In brief, for the year of death, up to 50% of eligible pension income received can be split with a surviving spouse or CLP. Provided there was no breakdown in relationship before death, the month in which death occurred would not impact this result.
After reading the above article, an advisor asked a question about the reverse – what if, for the year of death, the surviving spouse or CLP received eligible pension income that he or she wished to split with the deceased? How much of this income could they split? Consider the following:
Trevor died in August at the age of 78. Prior to death, he did not receive any eligible pension income. His spouse Nicole (age 70), however, did. For the year of Trevor’s death, Nicole received $3,500 each month from a registered pension plan. She also received $1,000 monthly from a RRIF. In preparing her tax return for the year, Nicole wondered what portion of her eligible pension income could be split with Trevor for the year.

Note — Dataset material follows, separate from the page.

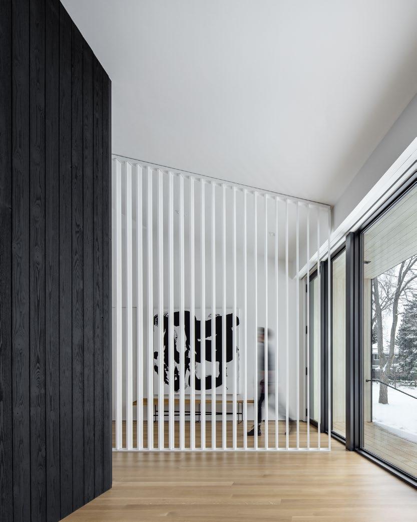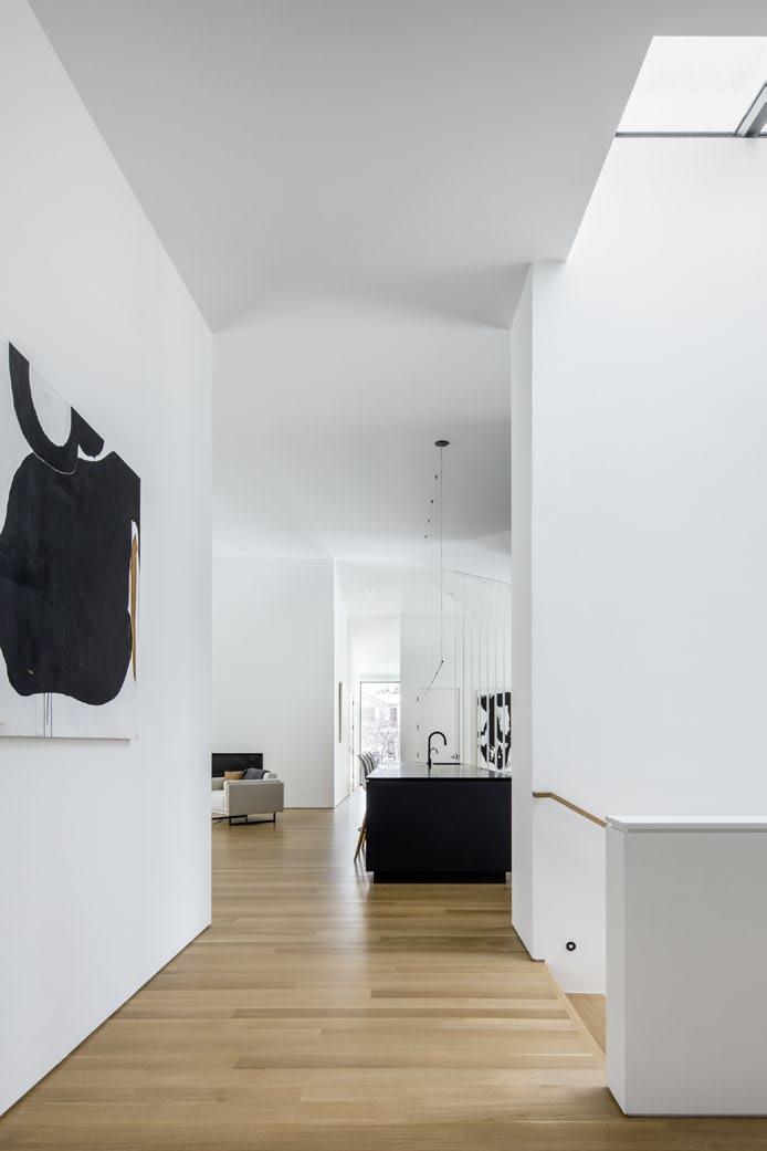 The interior pallet of white walls and white oak floors shine through, yielding clean, modern spaces that remain bright and inviting. The kitchen, unlike the rest of the home, is a dark central core reflecting the blackened exterior, drawing attention to itself as the focal point and heart of this modern home. The rest of the house pinwheels around as a continuation of solids and voids. Public spaces weave throughout and remain open and inviting, while the ‘solid’ spaces, the private rooms, are intimate and comforting

The following formula is used to calculate the amount eligible to be split with a spouse or partner under pension income- splitting rules:
Amount eligible to be split = (number of months married or living common-law/number of months in the tax year)1 x eligible pension income (EPI) x 50%
For purposes of this formula, the numerator in the fraction represents the number of months in the pensioner’s taxation year that the couple was married or lived in a common-law relationship (note, the tax rules no longer consider you to be in a married or common-law relationship after death). The denominator represents the number of months in the pensioner’s taxation year, which ends with December or the month of death, whichever is applicable.

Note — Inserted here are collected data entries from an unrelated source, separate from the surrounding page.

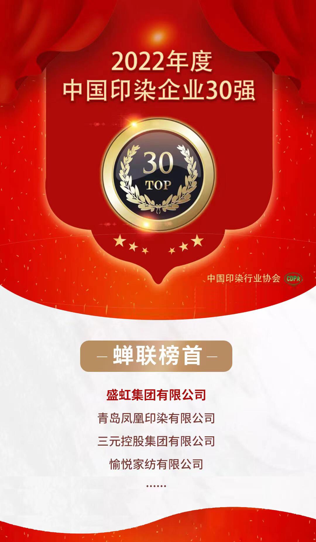 “2022年度中國印染企業30強”榜單是綜合考評企業規(guī)模、經濟效益、社會責任、創新能力以及節能環保等情況評比得出,目的是引導我國印染行業企業加快改革(gé)創新和轉型升級步伐,提高國際競爭力,實現(xiàn)高質量發展(zhǎn)。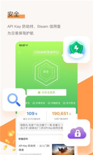 下载c5game具有很不错的交易安全,专业,经济,方便。独特的APIKey防劫持,蒸汽信用查询,蒸汽加速,三大系统,私人交易,0费用,保证你的交易安全,是很多游戏用户都在用的交易平台。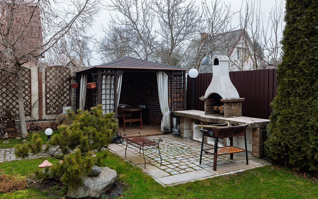 Ухожeннaя, озeленённaя тeрpитоpия, c плодовыми деpeвьями и кустapниками. Ha участке имeется зонa бapбекю , беcедкa, три парковочных места.
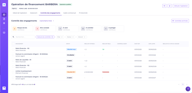 Le gestionnaire digitalise ces éléments en créant un cadre contractuel pour chaque élément à contrôler. De cette manière, il facilite la lecture et la traçabilité pour tous, car chaque partie pourra alors retrouver la liste des engagements dus par le client sur son espace Debt Tracking. - Automatiser les relances auprès du client en paramétrant à l'avance les périodes de contrôles.

In the case of Trevor and Nicole, Trevor had no eligible pension income for the year, so the formula would not apply to his income. Nicole had $54,000 of eligible pension income calculated as $42,000 of periodic pension payments (can be split at any age)2 and $12,000 of RRIF income (can be split beginning at age 65).
Applying the above formula to Nicole’s income, the amount eligible to be split is $18,000 calculated as (8/12) x $54,000 x 50%. In other words, because Trevor died in August, the amount Nicole can split with him under pension income- splitting rules is pro-rated based on the month of Trevor’s death. Had Trevor not died, up to $27,000 would have been eligible for splitting for the year. This treatment is confirmed by CRA technical interpretation #2008-0275731E5.

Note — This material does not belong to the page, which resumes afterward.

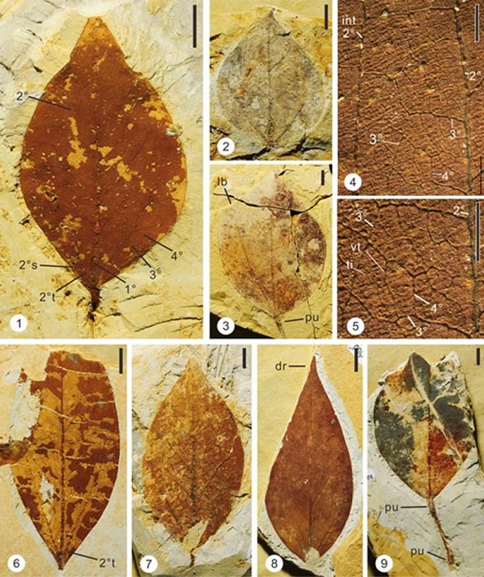 版纳植物园古生态研究组博士研究生黄健在周浙昆研究员的指导下,通过对在云南文山发现的马蹄荷叶片和托叶化石的研究,建立了基于叶片的化石新种:尖叶马蹄荷(Exbucklandia acutifolia)。化石记录表明马蹄荷属曾广泛地存在于北美和东亚,而随后北美种群的灭绝导致了该属目前仅存于东亚地区。尖叶马蹄荷的叶形态最接近现生的大果马蹄荷(E. tonkinensis),这一树种目前分布在中国-日本森林区域之中,然而化石产地区域现已被中国-喜马拉雅分布的马蹄荷(E. populnea)所覆盖。这说明马蹄荷属不同物种之间的分布区在漫长的地质历史中已经发生了变化,而总体的趋势便是中国-喜马拉雅区域的扩张以及中国-日本区域的退缩。另外,结合叶片形态、最近亲缘种的生境、共存植物的生境以及植物群的气候重建,均表明尖叶马蹄荷生活在一个相对今天降雨量更高的环境中。

CRA form T1032, Joint Election to Split Pension Income, would be used to calculate the amount eligible to be split, and provided it is included in Trevor’s taxable income for the year, any amount up to this amount can be deducted on Nicole’s tax return for the year. This treatment would benefit the family if Trevor’s tax rate for the year of death is less than Nicole’s or if income-sensitive benefits, such as Old Age Security, would be preserved as a result of the split.
The splitting of eligible pension income can provide significant tax savings for families. While it depends on the circumstances (i.e., types of income, age of the pensioner, tax rates, etc.), it is good to know this option is available, even for the year of death.
1 Where the transferring spouse or CLP is deceased, the number of months up to and including the month of death is used.
2 Age 65 is required for Quebec tax purposes.